1

Suppose $f : [0, ∞) → R $ has continuous first and second derivatives and $f(x) → 0$ as $x → ∞$. If $f'(x) → b $ as $ x → ∞$, show that $b = 0.$

I tried using L'Hopital Rule here, by constructing $\lim_{x\to \infty}\frac{f(x)}{f'(x)}=$$\lim_{x\to \infty}\frac{f'(x)}{f''(x)}$. However, I 'm not sure if L'Hopital Rule can be used here because $\lim_{x\to \infty}f'(x)=0$ can not be used as condition.

I'm stuck in this way, and can't see other ways to solve this problem. Any hint?

XXWANGL
  • 133

2 Answers2

1

Hint: for any $[a,b]$, $\exists \theta(a,b): \theta \in [a,b], f'(\theta)={f(b)-f(a) \over b-a}$. Now take $a_n=f'(\theta(n,n+1))$, it's obvious that $lim_{x \to +\infty}a_n = b$. Show that $lim_{n \to \infty}a_n = 0$.

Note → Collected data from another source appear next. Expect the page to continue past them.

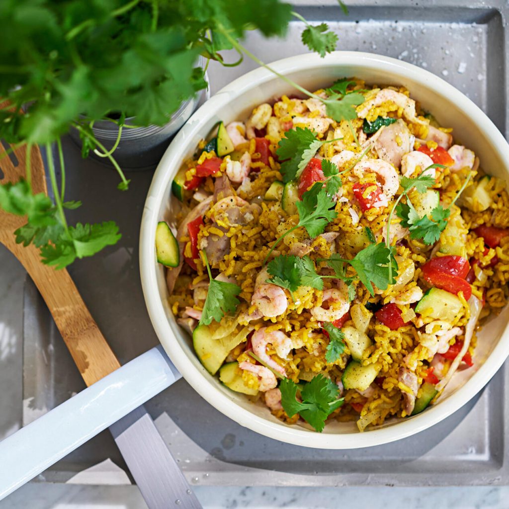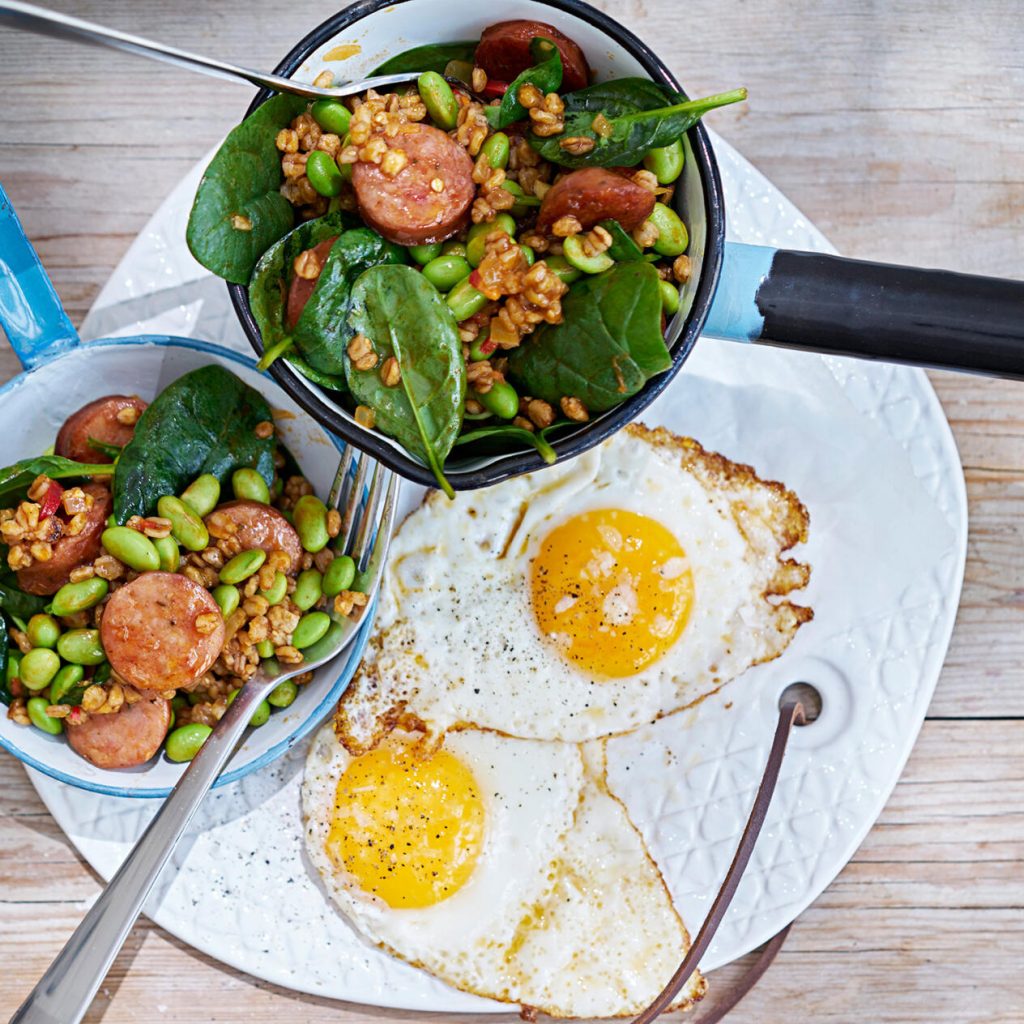Mathavrepanna med het korv och stekt ägg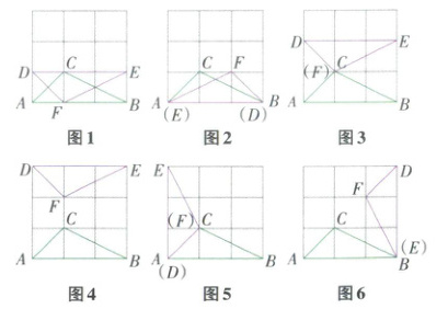 例2 如图,在正方形网格中有格点三角形$ABC$,若三角形$ABC$和三角形$DEF$关于某直线成轴对称,请在给出的图中画出3个这样的格点三角形$DEF$。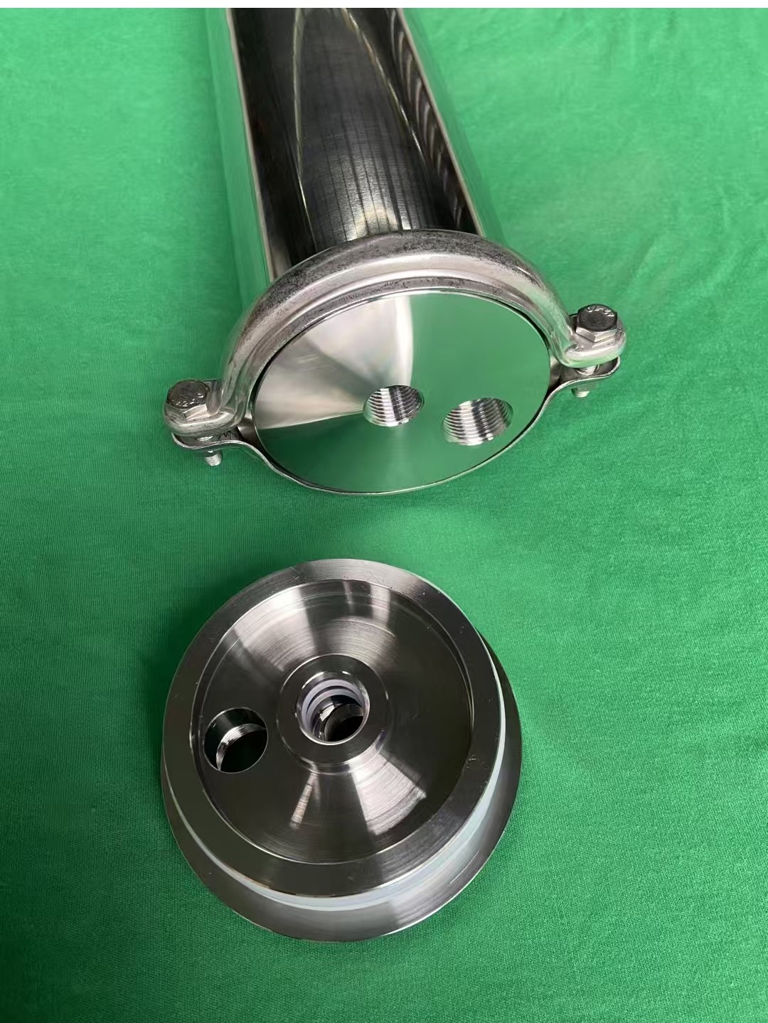 核心优势在这儿:‌ ‌强度与耐压性‌:不锈钢管壳本身强度高,配合密封结构,能承受更高压力,适合高压反渗透系统。 ‌耐用性与寿命‌:不锈钢耐腐蚀、抗老化,使用寿命远超塑料,不易因环境因素脆化。 ‌卫生与安全性‌:304不锈钢食品接触级安全,无析出物风险,密封性好保障水质。 ‌适用性‌:尤其适合4040/4080这类大尺寸、高产水量的膜元件,结构更稳定。 ‌和ABS塑料端盖比:‌ ABS塑料成本低、易加工,但耐压、耐温、寿命和安全性都不如不锈钢,多用于低压、小尺寸或低成本设备。不锈钢端盖在性能和寿命上优势明显,是更可靠的选择。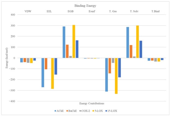 Binding energy is a critical parameter that quantifies the strength and stability of the complex formed between a receptor and its ligand. Figure 6 shows the binding energy calculated for the CLOZ complexed with the AChE, BuChE, COX-2, 5-LOX, and 15-LOX using the Generalized Born Surface Area (GBSA) approach, a popular method in MDS. The gas phase energy (∆E (gas)) includes contributions from Van der Waals (∆EVDW) and electrostatic energy (∆EEL) and represents energies from the direct interaction of protein and CLOZ in the absence of solvent. The solvent phase energy (∆Esolv) is split into polar solvation energy (∆EGB) and non-polar solvation energy (∆Esurf). ΔEBind represents the net binding energy, combining both gas-phase and solvent-phase energy to predict the overall favorability of the protein–CLOZ binding. It should be noted that the binding energies shown in this work do not include entropy contributions and, hence, represent the enthalpy contributions to binding free energy. The total binding energy of CLOZ for all complexes varied in the range of ~8 to ~32 kcal/mol, with COX-2 and 5-LOX displaying the highest binding energy of 32 kcal/mol. The binding energy of CLOZ for cholinesterase was found to be ~25 kcal/mol. The binding energy of CLOZ for Caspase-3 was the lowest, with a value of ~8 kcal/mol. The individual contributions to the binding energy were also calculated. The gas-phase VDW energies were negative across all the complexes, indicating favorable hydrophobic interactions. The gas-phase EEL values were strongly negative for all complexes except for COX-2 and Caspase-3, indicating significant electrostatic interactions across AChE, BuChE, 5-LOX, and 15-LOX. A high amount of polar solvation energy was noted across all the enzymes except COX-2 and Caspase-3, indicating significant resistance from the solvent molecules during the binding of CLOZ with AChE, BuChE, 5-LOX, and 15-LOX. The non-polar solvation energy was found to be marginally negative across all the complexes, indicating minor favorable contributions to the binding energy from solvation of the ligand. The gas-phase energy was found to be a highly favorable protein–ligand interaction. The solvent-phase energy was found to highly unfavorable, except for COX-2 and Caspase-3. Overall, the binding of CLOZ to AChE, BuChE, 5-LOX, and 15-LOX was driven by both by electrostatic and VDW despite a high amount of solvation penalties. The binding of CLOZ to COX-2 and Caspase-3 was mainly driven by hydrophobic interactions. Further, the CLOZ displayed the highest amount of binding energy for COX-2 and 5-LOX.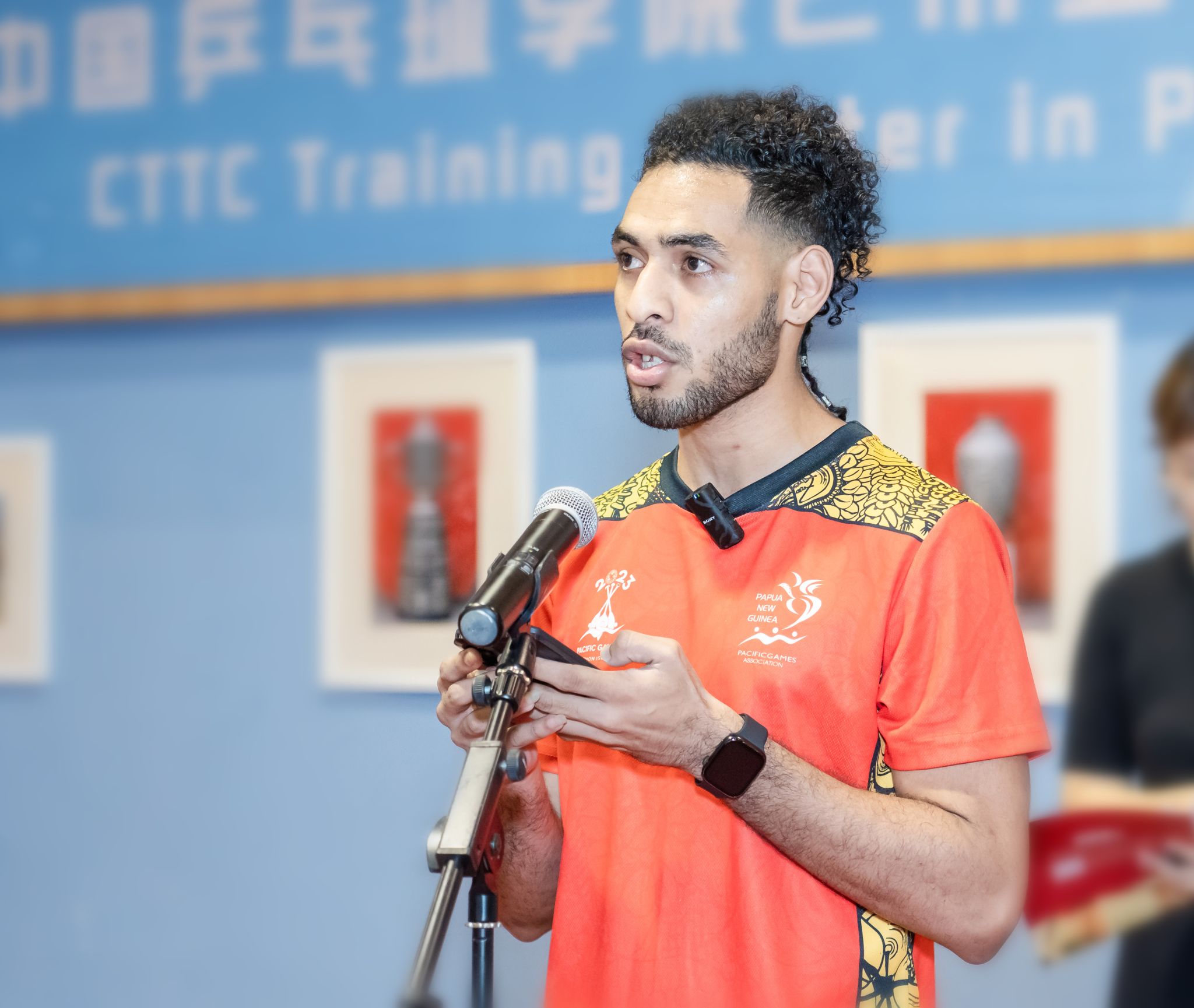 巴布亚新几内亚国家乒乓球队运动员杰弗里·罗伊作为巴新训练营学员代表发言。他曾多次来到中乒院,在今年他拥有了新的身份,成为了红足一1世足球网官方网站的一名留学生。在本次训练营中,罗伊带领着巴新国家乒乓球队的新生代球员们来到中乒院参加集训。他讲到,2018年他与中乒院结缘,在中乒院提供的专业训练支持下,他取得了太平洋运动会银牌和铜牌的佳绩。他表达了他对中国深厚的感情,提到自己游览了中国诸多魅力四射的城市,包括首都北京和繁华的上海。这些经历让他对中国有了更深入的了解,加深了对中国文化的热爱和尊重。他期待在接下来的日子里,与大家一起度过充实而有意义的训练和学习时光。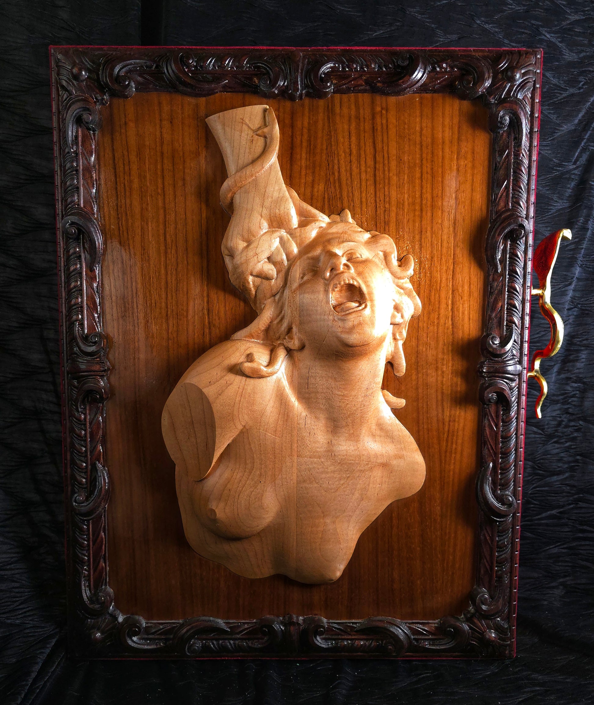 Medusa I is a toy cabinet. The bust image is taken from a statue of Perseus slaying Medusa. Rather than going with the common images of him holding the already severed head, I decided to go with one where she is still alive and fighting. Why? Because vibes.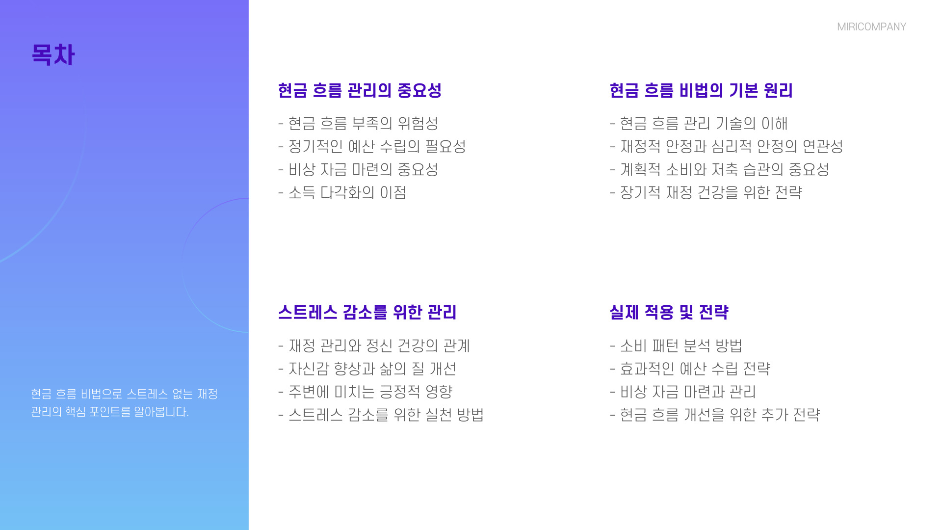 현금 흐름 비법은 단순한 재정 관리 방법을 넘어서, 스트레스를 줄이고 안정된 삶을 살 수 있도록 도와줍니다. 정기적인 점검과 계획적인 소비를 통해 여러분도 재정적 안정과 정신적 평화를 동시에 누릴 수 있습니다. 이러한 비법을 활용하여 스트레스를 줄이고, 더 나은 삶의 질을 유지하시기 바랍니다.
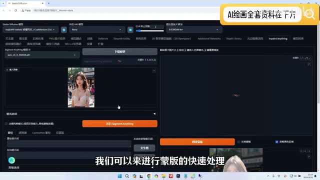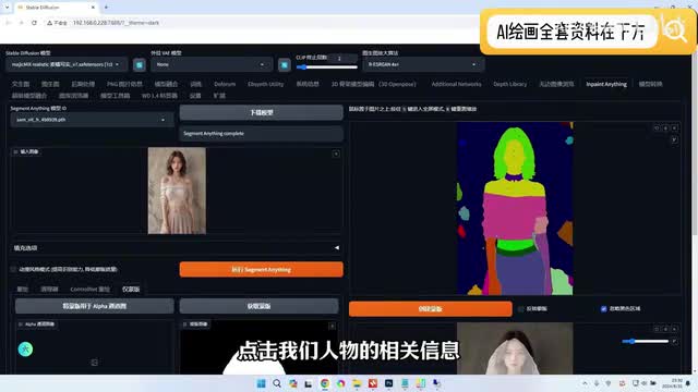 好,进入到我们stable definition软件当中的话呢,第一步我们先找到鹰派的n n c这个插件。通过这个插件的话呢,将我们现在原片投入到我们的一个图像当中,点击运行去识别我们的画面信息。呃,通过这个插件我们可以来进行门板的快速处理,呃,并不需要photoshop这样的一个专业工具。好,来到旁边的色块图当中,我们点击头发,点击人物面部的一些内容,然后点击创建门板。好,这个时候的话呢呃我们有一些瑕疵,可以通过进一步的一个修剪。
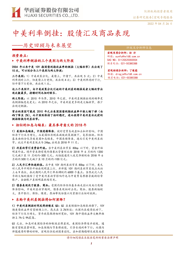 【华西证券】【20220426】历史回顾与未来展望:中美利率倒挂,股债汇及商品表现-16页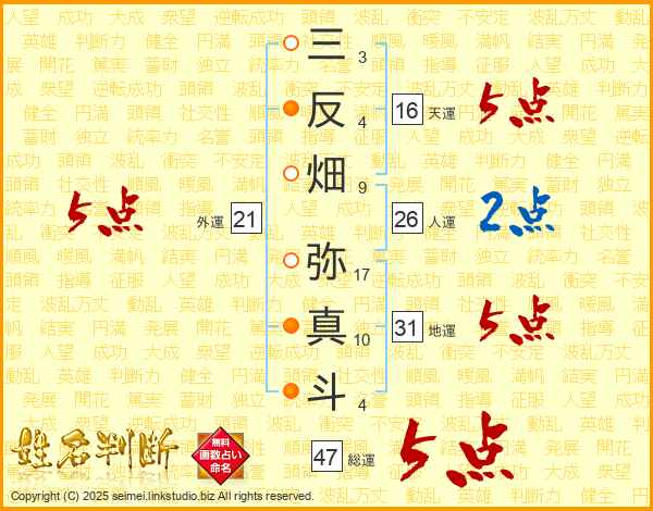三(3画)反(4画)畑(9画) 弥(17画)真(10画)斗(4画)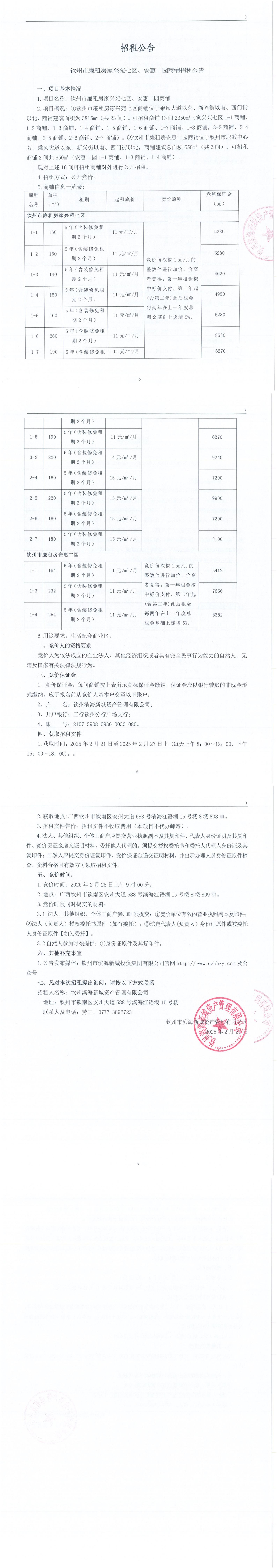 欽州市家興苑七區(qū)、安惠二園商鋪招租項目成交結(jié)果公告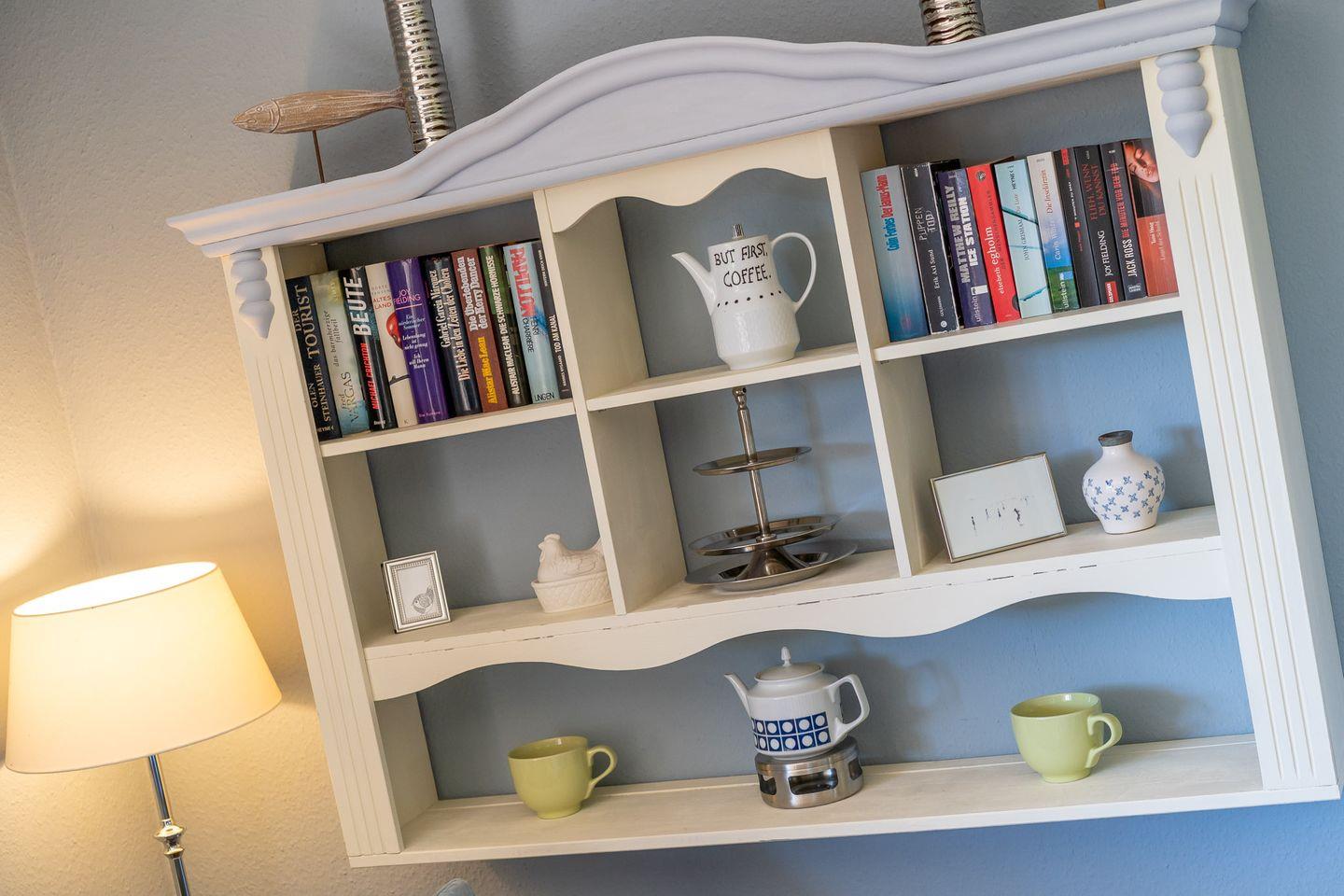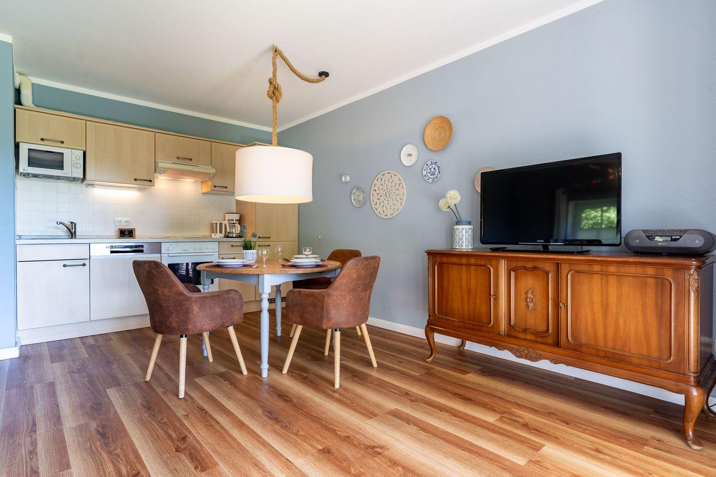 Ebenfalls im Erdgeschoss gelegen, bietet die ca. 52 m² große Ferienwohnung Robbe ein gemütliches Zuhause für zwei Personen. Sie verfügt über einen offenen Wohn- und Essbereich mit zwei Sofas, Sat-TV, Radio, CD-Player und WLAN. Der Essplatz mit rundem Tisch ist ideal für Mahlzeiten oder gesellige Abende.

Note that the proof holds for any $f_0 : f(x) \to f_0$ as $x \to +\infty$.

Abstraction
  • 2,482
  • I don't get what you are trying to do here. Could you plz be more specific? – XXWANGL Dec 07 '15 at 15:05
  • I offer you some specific sequence $a_n$ so that, on one hand, $\lim_{n \to \infty} a_n = b$ and on the other, $\lim_{n \to \infty} a_n = 0$. – Abstraction Dec 07 '15 at 15:14
1

Since $$f'(x)= \lim_{h\to0} \frac{f(x+h)-f(x)}{h},$$ we have, replacing $h$ by $f(x)$ and taking $x\to+\infty$: $$ \lim_{x\to+\infty} f'(x)= \lim_{x\to+\infty} \frac{f(x+f(x))}{f(x)} - 1,$$ and thus $$ \lim_{x\to+\infty} \frac{f(x+f(x))}{f(x)} =1+b. \tag{$\star$} $$ Now, $b>0$ would imply $f(x)<0$ for large enough $x$, whence $$ \frac{f(x+f(x))}{f(x)} <1, $$ for those large $x$, contradicting $(\star)$. A contradiction is analogously derived from $b<0$. Hence, $b=0$.